For the post-hoc analysis, Kreissl et al divided the ZETA trial population into 4 disease severity subgroups: those with both progression and symptoms at baseline, those with symptoms only, those with progression only, and those with no progression and no symptoms at baseline. They defined symptoms as Brief Pain Inventory (BPI) questionnaire pain score > 4, opioid use of at least10 mg/day, diarrhea, flushing, fatigue, pain, nausea, dysphagia, dysphonia, respiratory symptoms, and weight loss.

Disease progression was seen in 163 patients during the primary analysis period, including 103 in patients who had both progression and symptoms at baseline. In the baseline progression and symptoms group, the survival curves for PFS differed significantly between the experimental and control groups (log-rank P < 0.0001). There was a reduced risk of progression in the vandetanib arm compared with placebo (HR, 0.43; 95% CI, 0.28-0.64; P < 0.0001). In the vandetanib group, the median PFS was 21.43 months but only 8.40 months in the placebo group.

When the investigators assessed patients’ ORR, they recorded 92 events, 90 of which occurred in vandetanib groups. As expected, the ORR was uniformly higher in the vandetanib groups than the placebo groups, and no significant OS differences were observed in comparable groups.

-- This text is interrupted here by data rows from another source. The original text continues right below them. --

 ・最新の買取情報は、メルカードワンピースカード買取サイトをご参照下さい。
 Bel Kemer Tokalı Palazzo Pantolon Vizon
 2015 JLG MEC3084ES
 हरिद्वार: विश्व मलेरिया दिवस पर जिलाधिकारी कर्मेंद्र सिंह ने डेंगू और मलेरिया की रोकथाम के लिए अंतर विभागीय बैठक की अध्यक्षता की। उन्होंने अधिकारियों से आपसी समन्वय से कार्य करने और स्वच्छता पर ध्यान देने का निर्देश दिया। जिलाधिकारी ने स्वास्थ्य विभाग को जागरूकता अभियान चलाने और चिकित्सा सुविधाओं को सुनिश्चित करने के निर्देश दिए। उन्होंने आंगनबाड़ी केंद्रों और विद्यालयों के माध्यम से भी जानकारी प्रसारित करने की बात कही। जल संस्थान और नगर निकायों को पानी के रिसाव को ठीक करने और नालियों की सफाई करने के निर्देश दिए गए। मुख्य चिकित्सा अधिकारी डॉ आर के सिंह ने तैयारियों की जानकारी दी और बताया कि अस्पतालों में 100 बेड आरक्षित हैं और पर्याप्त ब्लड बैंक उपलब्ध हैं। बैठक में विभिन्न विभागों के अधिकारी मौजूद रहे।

The median follow-up times in the progressive/symptomatic disease group was 53.7 months (range, 0.6-104.9 months) and 95.1 months (range, 2.7-104.3 months) for asymptomatic patients with progressive disease. Median follow up was 33.7 months (range, 2.0-104.3 months) for symptomatic patients without progression and 75.5 months (range, 3.3-103.8 months) for patients with neither progressive nor symptomatic disease at baseline.

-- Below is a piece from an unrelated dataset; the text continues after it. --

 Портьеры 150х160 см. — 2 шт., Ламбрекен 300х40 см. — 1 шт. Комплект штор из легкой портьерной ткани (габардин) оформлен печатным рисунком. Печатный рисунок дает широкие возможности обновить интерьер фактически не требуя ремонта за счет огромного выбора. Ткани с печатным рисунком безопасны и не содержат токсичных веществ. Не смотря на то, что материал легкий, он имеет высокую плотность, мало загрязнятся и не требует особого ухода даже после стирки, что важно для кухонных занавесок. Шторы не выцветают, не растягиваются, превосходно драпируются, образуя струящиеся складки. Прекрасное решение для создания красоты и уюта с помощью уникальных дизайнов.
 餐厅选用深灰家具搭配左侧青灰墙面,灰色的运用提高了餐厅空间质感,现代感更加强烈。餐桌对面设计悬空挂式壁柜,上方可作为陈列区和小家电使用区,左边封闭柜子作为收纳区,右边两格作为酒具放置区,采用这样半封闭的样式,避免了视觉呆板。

Kreissl et al reported that 58 patients formerly randomized to placebo entered the open-label period as of July 31, 2009. These patients’ average total exposure to placebo during the primary analysis period was 7.9 months (median, 6.1 months). The median time to progression for these patients during the open-label period was 22.2 months.

About one-third of patients in the vandetanib groups required dose reductions (n = 83, 35.95%), while only 3 patients did who received placebo. Nearly all patients (98%) in the vandetanib group experienced at least one adverse event (AE), as did 92% in the placebo group.

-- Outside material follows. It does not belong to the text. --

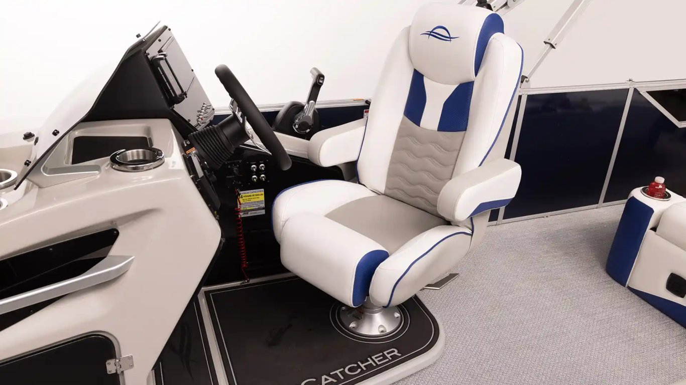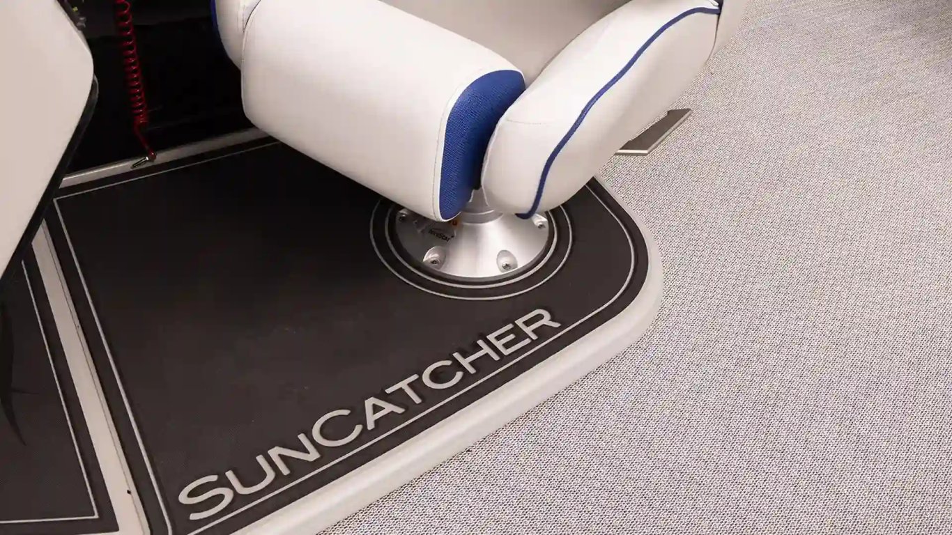 Experience the helm like never before. Elevated platform offers a clear, commanding view, paired with a comfortable footwell mat and stylish SunCatcher branding.

AE profiles were similar across all 4 subgroups. “The types of AEs observed with vandetanib were consistent with its known safety profile and the mechanism of action of VEGFR and EGFR inhibition,” Kreissl et al wrote. “The most frequently reported common AEs across all groups in patients treated with vandetanib were GE disorders and skin and subcutaneous tissue disorders, which is consistent with what was reported in the primary ZETA trial.”

References:

1. Kreissl MC, Bastholt L, Elisei R, et al. Efficacy and Safety of Vandetanib in Progressive and Symptomatic Medullary Thyroid Cancer: Post Hoc Analysis From the ZETA Trial. J Clin Oncol. 2020;38. Published on June 25, 2020. DOI: https://doi.org/10.

1200/JCO.19.02790.

2. Wells SA, Jr., Robinson BG, Gagel RF, et al. Vandetanib in patients with locally advanced or metastatic medullary thyroid cancer: A randomized, double-blind phase III trial. J Clin Oncol. 2012;30:134-141.